Eric Tulsky wrote an influential piece leading up to the 2013 NHL draft on evaluating how players in various leagues outside the NHL are used. This analysis which builds on previous work by Jonathan Willis and Scott Reynolds estimates the relative strength of opposing forwards and opposing defensemen. This methodology does this by estimating the TOI for these players using the number of goals for which they were on the ice for their team and adjusting for the team scoring rate.
Macdonald’s Expected Goals Model
Prediction of future hockey performance is not limited to Corsi and Fenwick. Brian addresses other metrics and ties those to the players on the ice during a given shift as well as other contextual information about that shift. Thus, this approach takes an über form of WOWY that accounts simultaneously for all of the other factors present during a given shift to isolate the impact of a given player. This work was originally presented at the 2012 MIT Sloan conference: link to the paper. A further explanation of this methodology was given by Macdonald in this post.
Total Hockey Ratings
My Total Hockey Ratings or (THoR), which was also originally present at MIT Sloan, is similar to the work of Macdonald above in that both models account for who is one the ice for and against for each action along with other context dependent factors. Under THoR, each event (hit, shot, miss, etc) in the NHL’s RTSS system is given a valued based upon the net probability it leads to a goal. The original model was purely based upon even strength events and introduced a methodology for adjusting shot (x,y) location to account for rink biases. The latest results and updates from THoR both even strength and the newer all events have shown a high level of reliability.

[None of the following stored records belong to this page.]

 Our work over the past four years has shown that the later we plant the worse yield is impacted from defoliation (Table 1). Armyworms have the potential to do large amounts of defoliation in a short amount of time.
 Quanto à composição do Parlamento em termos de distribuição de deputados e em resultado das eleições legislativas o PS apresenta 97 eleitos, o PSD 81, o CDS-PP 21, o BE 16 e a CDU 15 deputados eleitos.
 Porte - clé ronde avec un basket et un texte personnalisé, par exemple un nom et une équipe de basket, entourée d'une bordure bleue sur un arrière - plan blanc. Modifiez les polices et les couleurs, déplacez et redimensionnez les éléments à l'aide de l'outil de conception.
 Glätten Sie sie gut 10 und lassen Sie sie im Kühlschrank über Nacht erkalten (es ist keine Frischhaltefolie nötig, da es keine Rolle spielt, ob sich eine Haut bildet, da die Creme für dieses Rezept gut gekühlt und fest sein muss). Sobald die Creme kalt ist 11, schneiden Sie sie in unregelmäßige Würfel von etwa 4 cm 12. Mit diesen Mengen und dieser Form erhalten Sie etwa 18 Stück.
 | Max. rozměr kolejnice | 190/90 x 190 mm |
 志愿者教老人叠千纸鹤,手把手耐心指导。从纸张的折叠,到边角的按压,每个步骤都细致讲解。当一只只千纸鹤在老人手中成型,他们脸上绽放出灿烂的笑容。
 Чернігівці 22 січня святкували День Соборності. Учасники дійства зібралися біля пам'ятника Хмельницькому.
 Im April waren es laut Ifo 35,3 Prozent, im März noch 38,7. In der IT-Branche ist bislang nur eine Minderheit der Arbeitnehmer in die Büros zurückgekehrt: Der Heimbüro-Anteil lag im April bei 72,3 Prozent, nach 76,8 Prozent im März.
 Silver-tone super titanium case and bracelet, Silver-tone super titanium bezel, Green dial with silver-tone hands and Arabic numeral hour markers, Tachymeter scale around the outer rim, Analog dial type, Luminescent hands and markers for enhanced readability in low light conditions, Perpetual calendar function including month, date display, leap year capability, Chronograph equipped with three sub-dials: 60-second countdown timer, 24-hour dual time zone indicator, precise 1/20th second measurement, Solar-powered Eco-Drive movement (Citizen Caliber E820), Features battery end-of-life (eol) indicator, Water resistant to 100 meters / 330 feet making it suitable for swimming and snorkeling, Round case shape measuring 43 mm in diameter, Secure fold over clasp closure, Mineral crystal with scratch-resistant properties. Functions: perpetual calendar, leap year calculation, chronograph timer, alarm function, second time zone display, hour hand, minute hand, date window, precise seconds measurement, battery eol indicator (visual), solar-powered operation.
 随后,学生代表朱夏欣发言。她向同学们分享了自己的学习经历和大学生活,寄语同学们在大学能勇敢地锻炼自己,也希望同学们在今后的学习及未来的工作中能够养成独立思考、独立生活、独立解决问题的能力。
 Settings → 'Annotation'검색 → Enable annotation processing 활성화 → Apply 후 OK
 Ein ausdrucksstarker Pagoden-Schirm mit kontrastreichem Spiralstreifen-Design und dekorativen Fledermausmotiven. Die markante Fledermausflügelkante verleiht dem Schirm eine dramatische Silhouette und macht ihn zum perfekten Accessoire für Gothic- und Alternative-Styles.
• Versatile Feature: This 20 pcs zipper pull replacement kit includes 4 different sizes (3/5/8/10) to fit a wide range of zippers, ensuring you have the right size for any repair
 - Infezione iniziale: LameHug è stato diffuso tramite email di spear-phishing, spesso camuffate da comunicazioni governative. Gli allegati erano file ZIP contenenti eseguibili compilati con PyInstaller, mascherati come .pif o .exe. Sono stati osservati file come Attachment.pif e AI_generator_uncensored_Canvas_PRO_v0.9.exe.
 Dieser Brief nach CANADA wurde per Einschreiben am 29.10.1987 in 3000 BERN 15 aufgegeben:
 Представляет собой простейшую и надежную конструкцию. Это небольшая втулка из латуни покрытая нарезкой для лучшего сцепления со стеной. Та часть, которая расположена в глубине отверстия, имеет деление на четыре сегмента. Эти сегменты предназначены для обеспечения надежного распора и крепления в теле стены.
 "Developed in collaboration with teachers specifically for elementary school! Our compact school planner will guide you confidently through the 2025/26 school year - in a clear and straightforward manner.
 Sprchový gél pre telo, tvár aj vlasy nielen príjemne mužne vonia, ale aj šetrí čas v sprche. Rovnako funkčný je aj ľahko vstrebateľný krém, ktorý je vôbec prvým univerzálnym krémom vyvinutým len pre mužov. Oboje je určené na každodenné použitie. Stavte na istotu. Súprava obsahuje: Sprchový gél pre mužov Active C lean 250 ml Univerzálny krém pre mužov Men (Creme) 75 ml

Steve Burtch’s dCorsi (or Delta Corsi) is similar to the previous two innovations in that it uses a statistical regression to account for factors. As the name implies, it is based upon Corsi and adjusting Corsi for average TOI, Zone Starts, QoT and QoC. The germ for dCorsi was a study on a metric called Shut Down Index which ‘morphed’ into the dCorsi which is discussed in this blog post looking at defencemen through the first quarter of a season.
Parkatti’s Expected Goals
So now not only do we have metrics in hockey with uninformative names — Corsi, Fenwick, PDO — but we now have metrics with the same name: expected goals. Michael Parkatti’s expected goals weights each shot by the probability of being a goal given distance and shot type. Michael was the winner of the Edmonton Oilers hackathon and is now involved with the team. Parkatti gave some idea of the predictive ability of this method in this post.
There have also been some promising other methods that have appreared which have a good deal of potential for creating innovation. I want to highlight three of these. The first is by Gramacy et al and received some interest from the Hockey Blogosphere. The methodology they have created is one with a good deal of potential. Similarly, the Mean Even Strength Hazard (MESH) rating approach of Andrew Thomas et al is a method that is worth reading. Finally, Josh Weissbock has developed some machine learning algorithms for the analysis of hockey. Here’s his academic conference paper. Weissbock also wrote this blog post on the topic.
As I mentioned above, hockey analytics has expanded a great deal in the past two years. I excited for this years MIT Sloan Sports Analytics Conference (#SSAC2014) Hockey Panel and look forward to the conference.
Thanks to Brian Macdonald @greaterthanPM for discussion on this topic.